ColumnTransformer

Problem: We have different transformations for different columns

Before we fit our model, we want to apply different transformations on different columns.

• Numeric columns:
  • imputation
  • scaling
• Categorical columns:
  • imputation
    
  • one-hot encoding

We can’t use a pipeline since not all the transformations are occurring on every feature.

We could do so without but then we would be violating the Golden Rule of Machine learning when we did cross-validation.

So we need a new tool and it’s called ColumnTransformer!

ColumnTransformer

Adapted from here.

sklearn’s ColumnTransformer makes this more manageable.

A big advantage here is that we build all our transformations together into one object, and that way we’re sure we do the same operations to all splits of the data.

Otherwise, we might, for example, do the OHE on both train and test but forget to scale the test data.
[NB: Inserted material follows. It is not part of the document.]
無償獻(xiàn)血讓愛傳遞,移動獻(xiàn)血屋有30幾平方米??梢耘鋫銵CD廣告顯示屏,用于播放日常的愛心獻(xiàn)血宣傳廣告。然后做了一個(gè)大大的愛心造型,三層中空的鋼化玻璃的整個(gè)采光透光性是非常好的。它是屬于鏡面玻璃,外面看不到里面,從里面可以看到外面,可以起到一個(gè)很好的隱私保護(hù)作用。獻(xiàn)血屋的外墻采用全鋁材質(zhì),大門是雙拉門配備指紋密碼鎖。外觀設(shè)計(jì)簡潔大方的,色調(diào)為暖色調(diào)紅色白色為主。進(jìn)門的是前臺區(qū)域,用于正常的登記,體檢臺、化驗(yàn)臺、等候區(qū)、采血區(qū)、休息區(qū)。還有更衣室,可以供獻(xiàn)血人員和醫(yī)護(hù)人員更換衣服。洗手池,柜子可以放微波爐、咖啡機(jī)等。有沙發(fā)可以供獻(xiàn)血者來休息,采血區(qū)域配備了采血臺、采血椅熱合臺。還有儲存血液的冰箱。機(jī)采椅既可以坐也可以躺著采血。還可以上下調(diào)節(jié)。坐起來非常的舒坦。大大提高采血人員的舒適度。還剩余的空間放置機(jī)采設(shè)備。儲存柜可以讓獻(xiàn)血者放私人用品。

from sklearn.compose import ColumnTransformer

X_train.head()

	longitude	latitude	housing_median_age	households	...	ocean_proximity	rooms_per_household	bedrooms_per_household	population_per_household
6051	-117.75	34.04	22.0	602.0	...	INLAND	4.897010	1.056478	4.318937
20113	-119.57	37.94	17.0	20.0	...	INLAND	17.300000	6.500000	2.550000
14289	-117.13	32.74	46.0	708.0	...	NEAR OCEAN	4.738701	1.084746	2.057910
13665	-117.31	34.02	18.0	285.0	...	INLAND	5.733333	0.961404	3.154386
14471	-117.23	32.88	18.0	1458.0	...	NEAR OCEAN	3.817558	1.004801	4.323045

5 rows × 9 columns

We import ColumnTransformer from the sklearn library.
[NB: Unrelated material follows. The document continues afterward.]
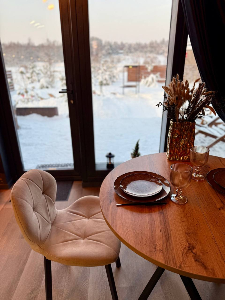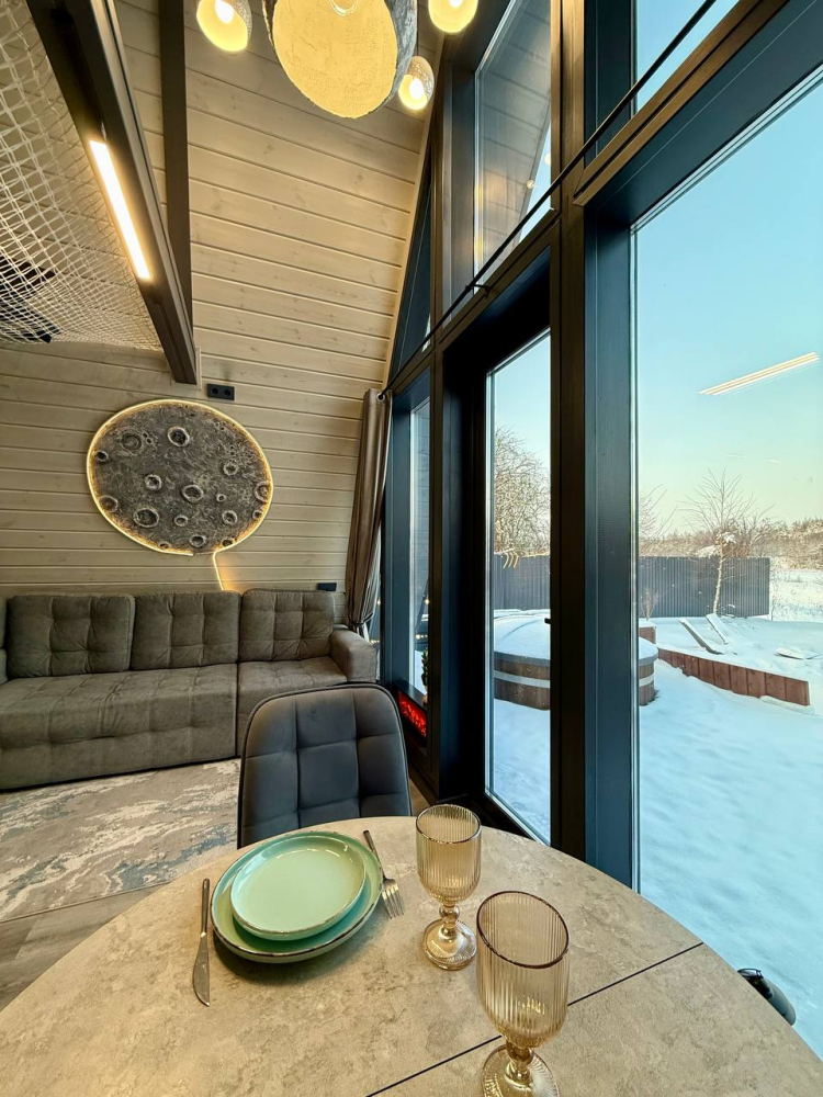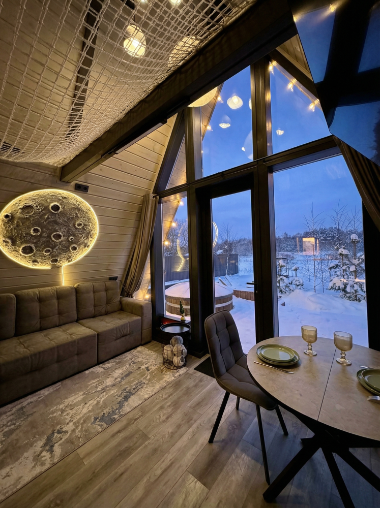 Дизайнерские дома в стиле А-фрейм с купелями на террасе на берегу реки

And we will have to look at our data.

X_train.dtypes

longitude                   float64
latitude                    float64
housing_median_age          float64
                             ...   
rooms_per_household         float64
bedrooms_per_household      float64
population_per_household    float64
Length: 9, dtype: object

numeric_features = [ "longitude",
                     "latitude",
                     "housing_median_age",
                     "households",
                     "median_income",
                     "rooms_per_household",
                     "bedrooms_per_household",
                     "population_per_household"]
                     
categorical_features = ["ocean_proximity"]

We must first identify the categorical and numeric columns.
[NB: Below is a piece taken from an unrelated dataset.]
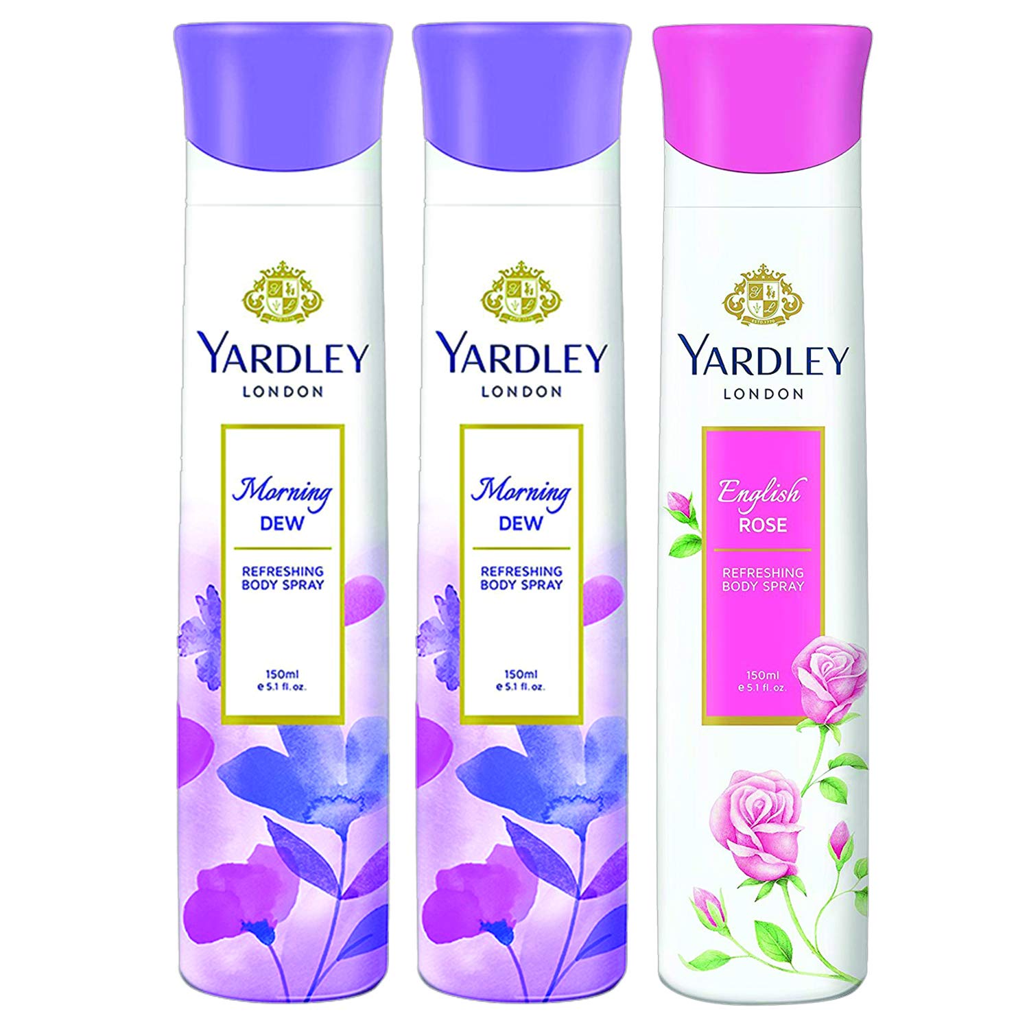 Yardley London - 2 Morning Dew and 1 English Rose Deo for Women 150ml (Pack...

from sklearn.pipeline import Pipeline
from sklearn.impute import SimpleImputer
from sklearn.preprocessing import StandardScaler, OneHotEncoder

numeric_transformer = Pipeline(
    steps=[("imputer", SimpleImputer(strategy="median")), 
           ("scaler", StandardScaler())]
)

categorical_transformer = Pipeline(
    steps=[("imputer", SimpleImputer(strategy="constant", fill_value="missing")),
           ("onehot", OneHotEncoder(handle_unknown="ignore"))]
)

Next, we build a pipeline for our dataset.

This means we need to make at least 2 preprocessing pipelines; one for the categorical and one for the numeric features!

(If we needed to use the ordinal encoder for binary data or ordinal features then we would need a third.)

col_transformer = ColumnTransformer(
    transformers=[
        ("numeric", numeric_transformer, numeric_features),
        ("categorical", categorical_transformer, categorical_features)
    ], 
    remainder='passthrough'    
)

We then call the numeric and categorical features with their respective transformers in ColumnTransformer().

The ColumnTransformer syntax is somewhat similar to that of Pipeline in that you pass in a list of tuples.

But, this time, each tuple has 3 values instead of 2: (name of the step, transformer object, list of columns)

A big advantage here is that we build all our transformations together into one object, and that way we’re sure we do the same operations to all splits of the data.

Otherwise, we might, for example, do the OHE on both train and test but forget to scale the test data.

remainder="passthrough":

• The ColumnTransformer will automatically remove columns that are not being transformed.
  
• We can use remainder="passthrough" of ColumnTransformer to keep the other columns intact.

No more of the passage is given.